Indeed Choucair's early paintings took on Modernist themes, combining these with her in depth knowledge of Arabic visual language. The works considered the repetition and movement of lines and curves, while balancing forms and colours in controlled, energetic compositions. However her explorations of these ideas did not stop at painting, and it is her experiments in sculpture which speak directly of her architectural sensibility.
This preoccupation with modularity and repetition became integral to Choucair's sculptural works. Infinite Structure is a stacked tower of tufa stone blocks, which are punctuated by rectangular or circular holes. These are arranged in unique compositions, balancing similarity with difference, and repetition with deviation from the standard. The sculpture rises to 2.5 meters tall when arranged vertically, with each piece reading as if an apartment in a tower block. While the architecture is repeated floor by floor, the life inside the tower is different at every level.

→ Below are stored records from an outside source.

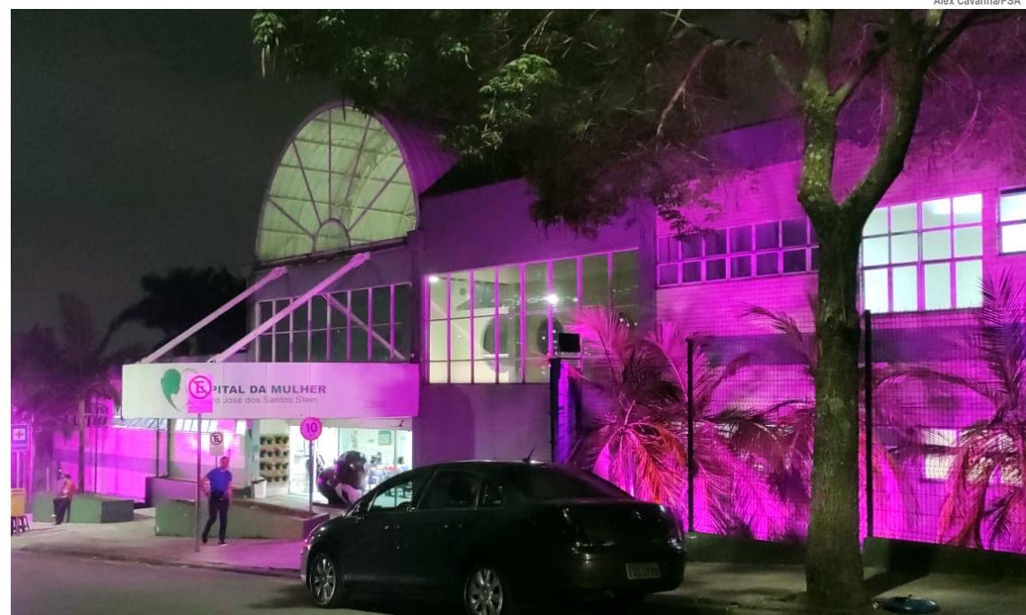
Prédio do Hospital da Mulher de Santo André recebeu iluminação temática

Na quinta-feira (24) foi realizada uma roda de conversa, às 15h, também na Casa da Gestante, sobre o tema "Câncer de Mama: Como Prevenir?". A discussão buscou esclarecer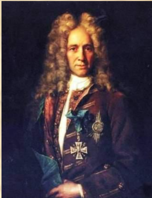
И.Н.Никитин. Портрет канцлера графа Г.И. Головкина. 1720-е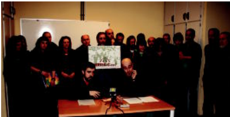
Eskualdeko gizarte eragile desberdinetako ordezkari ugari bildu zen atzoko agerraldian.

BIGARRENA Geldialdiaren osteko hurrengo partida bihurtan jokaturako du Eibarko Astelena pilotalekuan 5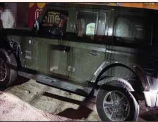
السيارة المتسببة في الحادث

بالمتهمين حتى لاحظا مطاردته لهما، وهنا توقف السارق جانبا وترك المركبة المسروقة وتلفظ عليهما ولوح لهما يسكين قبل أن يصعد مع صاحبه سائق "الرانجلر"، وبعدها أخذ المتوفى مركبته ومضى في طريقه، إلا أن المتهمين عانا وتوجهوا نحوه وعلقوا به.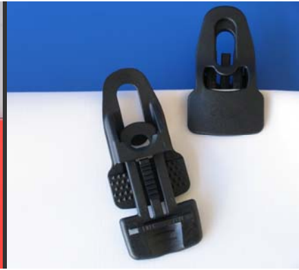
einteilige Version Clip On Midi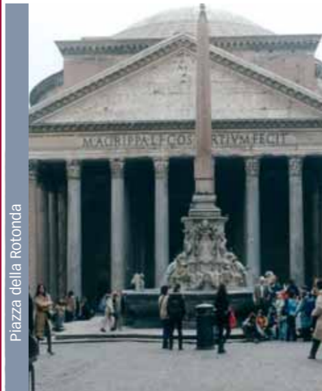
Piazza della Rotonda

San Lorenzo in Lucina, un arrêt hors du temps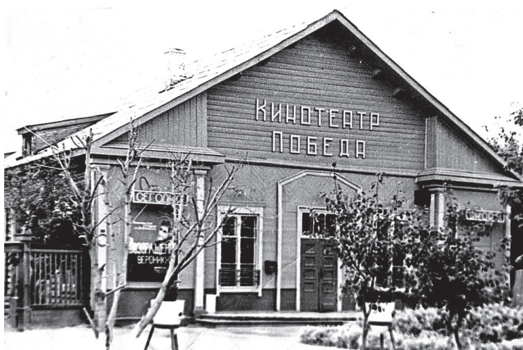
• «Скоро на экране!» Мальчишки и девчонки со всего города бежали на улицу Вокзальную, чтобы узнать, какой фильм будут «крутить» в кинотеатре «Победа».

Алексей СЕВОСТЬЯНОВ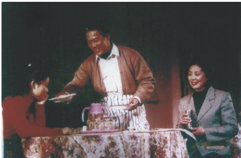
获省“五个一工程”奖的话剧《走近“莫文隋”》剧照

江海儿女在展现“扶贫济困、乐善好施”崇高精神风貌的同时，不断提高自身素质，振奋精神，努力创作优秀作品。1998年，在全省第三届精神文明建设“五个一工程”电影、电视剧（片）、戏剧、广播、歌曲、图书、文章7个评比项目中，南通市送评21件作品，11件作品获奖，7个评比项目均有优秀作品入选，为全省总分第二。其中电影《愁眉笑脸》、电视剧《黑色雨》、话剧《走近“莫文隋”》、歌曲《好收成》等作品在全国产生广泛影响。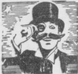
— PAR — L'ACADEMICIEN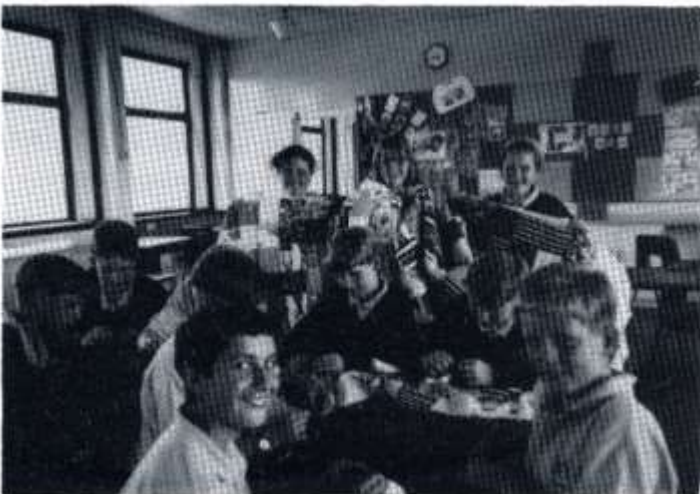
Plant Blwyddyn 8 a'u cwiltiau

Yn ddiweddar bu plant Blwyddyn 8 wrthi'n brysur yn gwneud cwiltiau a theganau i'w hanfon i Bosnia a Rwmania. Cafodd y plant hwyl a boddhad yn gwneud y gwaith ac mae'n siŵr y bydd plant anghenus y gwledydd yma wrth eu bodd yn eu derbyn. Mrs Eluned Norton fu'n cyfarwyddo'r gwaith.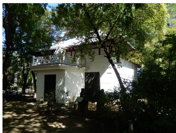
■現在 (2022. 07. 30 撮影)

Choucair's Poems series developed this idea. These sculptures can be stacked and restacked into new configurations. As the artist herself explained, each part of the sculpture is like a stanza of Arabic poetry, in that it may stand alone or interlock with others to be read as a whole.
The assembled sculptures are deliberately ambiguous in terms of scale. They can be seen both as abstract art pieces, and model prototypes for large-scale high-rise blocks. Sculpture with a Thousand Pieces is perhaps most recognisable as a high-rise tower, with the horizontal banding of what may be floor slabs, and the vertical repetition of brise soleil across the facade. And yet Choucair adopted this model as a lamp at her apartment, with a bulb hung in the centre of the structure. What could be a tower becomes a piece of domestic furniture.
Whether Choucair's sculptures are intended as architectural prototypes, or as abstract compositions, they speak of an interior life, disrupting the module and creating art that, like architecture, is always in the making. Art, Choucair once said, should be a living, architectural reality.